Shipping companies which are registered in other countries and operating routes from UK ports to Europe can pay below the minimum wage because they are exempt from legislation.
RMT general secretary Mick Lynch said:
The weakness in UK employment law has not only allowed the mass dismissing of UK seafarers it has also incentivised this barbaric behaviour because employers know there may be no effective sanction to stop them doing so, and on top of that they can get away with paying below the minimum wage.
Lynch further explained:
P&O may pay more than the minimum wage at first to agency staff but they will eventually move to rates below this simply because there is nothing to stop them from doing so.

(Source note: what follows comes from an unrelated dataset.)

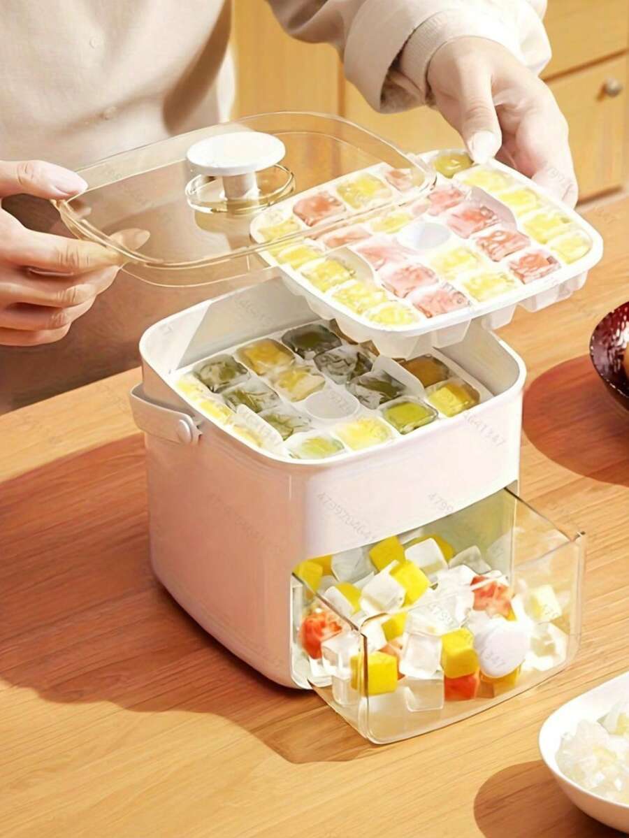 1pc Ice Cube Tray With Cover And Storage Box, Ice Cube Tray For Ice Chest, Ice Cube Tray, Ice Mold, Ice Maker Container, Drink Holder, (With 2 Trays) And Ice Bucket, Tongs

We fear poverty pay will be accompanied by seafarers being chained to 12-hour day, seven-day week contracts that operate continuously for six months, with no pension.
Employment legislation
The union has called for a boycott of P&O services and is urging the Government to look at legal options to reinstate the sacked workers.
Lynch added:
We need new employment legislation to protect UK seafarers. The reason P&O have not been able to sack seafarers on Dutch and French contracts is because they have far stronger national employment laws.
A demonstration will be held outside Parliament on Monday and at the P&O ferry terminal in Cairnryan, southern Scotland, on Wednesday.
“Unconscionable”
A spokesperson for P&O Ferries said:
We know that for our staff this redundancy came without warning or prior consultation, and we fully understand that this has caused distress for them and their families.
We took this difficult decision as a last resort and only after full consideration of all other options, but, ultimately, we concluded that the business wouldn’t survive without fundamentally changed crewing arrangements, which in turn would inevitably result in redundancies.
TUC general secretary Frances O’Grady said:
There was no attempt to challenge P&O on these unconscionable tactics or even question whether these actions were legal.
O’Grady continued:
Ministers, from the Prime Minister down, have serious questions to answer.
This a national scandal. It has to be a catalyst for change on workers’ rights.
It’s time for the Government to urgently bring forward an employment Bill to stop workers from being treated like disposable labour and make sure what happened at P&O never happens again.
P&O has acted appallingly. The company must immediate reinstate all sacked staff with no loss of pay.